Она прижала руки к груди, чтобы набраться сил, перевела дух и медленно, но настойчиво снова стала давить вперед. Ослица корчилась в конвульсиях, из ноздрей у нее выступила желтоватая жидкость, голова со стуком моталась из стороны в сторону, а всё вокруг заливало водами вместе с жидким навозом. Отец с сыном в ужасе закрыли глаза.
– Земляки, конный отряд японских дьяволов уже выступил из уездного города, сведения у меня верные, не болтовня какая, бегите, а то поздно будет… – Преданные призывы Сыма Тина лезли в уши с необычайной отчетливостью.
Когда отец с сыном открыли глаза, Шангуань Люй сидела у головы ослицы и, глядя в пол, пыталась отдышаться. Белая рубашка насквозь промокла от пота, и на спине рельефно проступили лопатки. Между ног ослицы натекла лужица алой крови, а из родовых путей торчала тоненькая и слабенькая ножка муленка. Она смотрелась так неестественно, что казалось, кто-то злонамеренно засунул ее туда.
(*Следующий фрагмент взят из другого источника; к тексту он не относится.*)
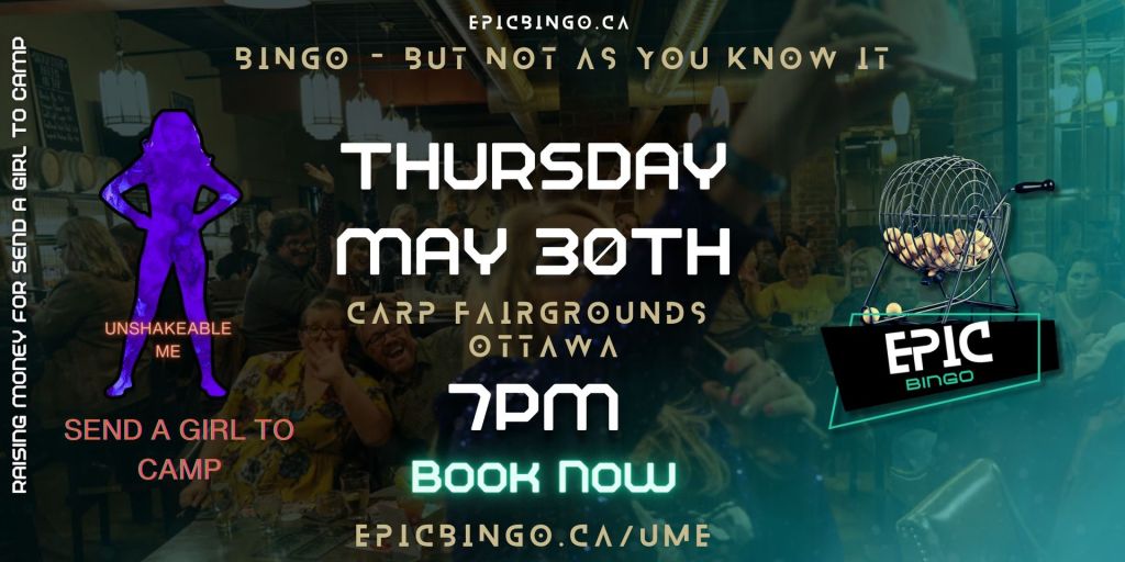 Join us for an extraordinary EPIC Bingo Night Out It’s bingo, but NOT as you know it! A unique fusion of traditional bingo, dance-offs, special epic games, musical interludes, audience participation, and an abundance of captivating moments, not to mention our silent auction full of AMAZING items. TONIGHT, we make memories AND make a difference as we come together to raise money for Unshakeable ME’s “Send a Girl to Camp” sponsorship program. We believe that EVERY girl deserves to go to camp and that money should not be the reason she can’t go! Help us to make these girls’ dreams of going to camp a reality and have an EPIC fun time doing it!

У Люй сильно подергивалась щека. Она снова приложила ее к брюху ослицы и долго прислушивалась. Шоуси не сводил глаз с лица матери, отливавшего безмятежным золотистым цветом перезрелого абрикоса. Крики Сыма Тина без конца носились в воздухе, будто слетевшиеся на вонь мухи, которые то облепляли стену, то снова садились на шкуру ослицы. Шоуси била нервная дрожь, словно в предчувствии большой беды. Хотелось выскочить из пристройки, но духу не хватало. Казалось, стоит выйти за порог, как тут же попадешь в лапы проклятых японских дьяволов – коротконогих и короткоруких; говорят, носы у них торчат, как головки чеснока, и глаза навыкате, словно бубенчики. А еще они поедают у людей сердце и печень и пьют кровь. Сожрут ведь подчистую, ни косточки не оставят.
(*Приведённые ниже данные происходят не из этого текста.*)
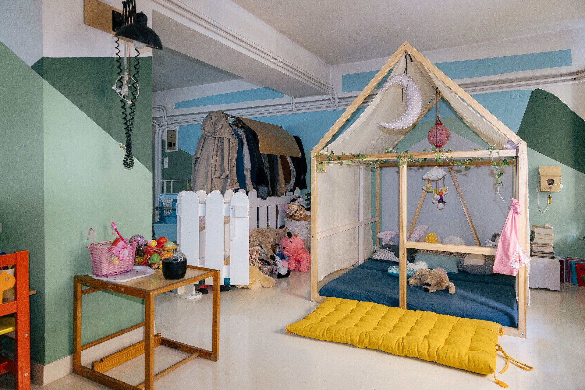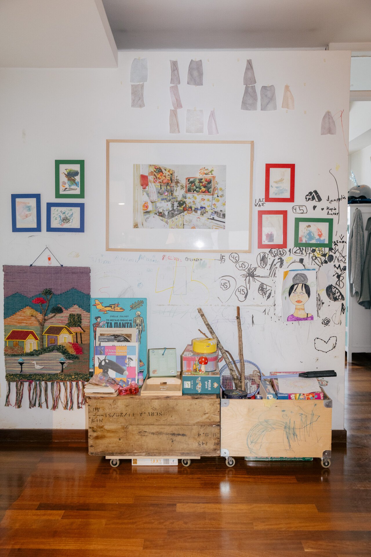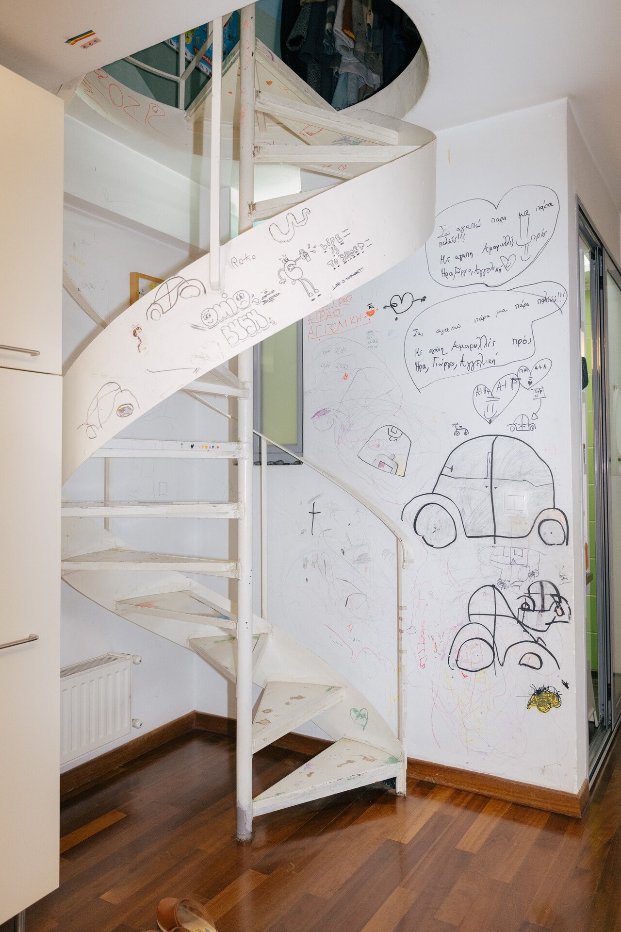 Κάποτε ήρθε ένας κολλητός της για λίγες μέρες, επειδή χώρισε, και έμεινε τρία χρόνια. «Οι περισσότεροι δεν τηλεφωνούν καν», παρατηρεί. «Άλλοι έχουν και κλειδιά». Της αρέσουν τα μεγάλα τραπέζια, τα πάρτι, το μοίρασμα. Παρατηρώ ότι έχει και παιχνίδια στο καθιστικό. Μου εξηγεί ότι δεν θέλει τα παιδιά να είναι αποκλεισμένα σε ένα δωμάτιο, της αρέσει η συμμετοχή, το μαζί, η συνύπαρξη. Έχει και παιχνίδια παλιά της γιαγιάς της που την αγαπούσε πολύ, λέει και μου τα δείχνει.

А сейчас, наверное, мчатся толпой по проулкам, преследуя женщин и детей, взбрыкивая и храпя, как жеребцы. Он покосился на отца, пытаясь обрести утешение и уверенность. Шангуань Фулу, эта насмешка над профессией кузнеца, сидел на мешке, бледный от страха, обхватив руками колени. Он беспрестанно раскачивался взад-вперед и стукался спиной и затылком об стену. В носу у Шоуси почему-то защипало, и из глаз покатились слезы.
Урожденная Люй кашлянула и медленно подняла голову.
– Что ж ты натворила, голубушка, – вздохнула она, поглаживая морду ослицы. – Ну как тебя угораздило выпростать сначала ногу? Разве не знаешь, глупая, что при родах перво-наперво должна идти голова?.. – На погасших глазах животного выступили слезы. Люй вытерла их, звучно высморкалась и повернулась к сыну: – Иди за мастером Фань Санем. Эх, думала сэкономлю пару бутылей вина да свиную голову, но, видать, придется потратиться. Ступай за ним!
Отпрянув к стене, Шоуси с отвисшей челюстью в ужасе уставился на ворота, ведущие в проулок.
– Там же полно японцев, там полно японцев… – промямлил он.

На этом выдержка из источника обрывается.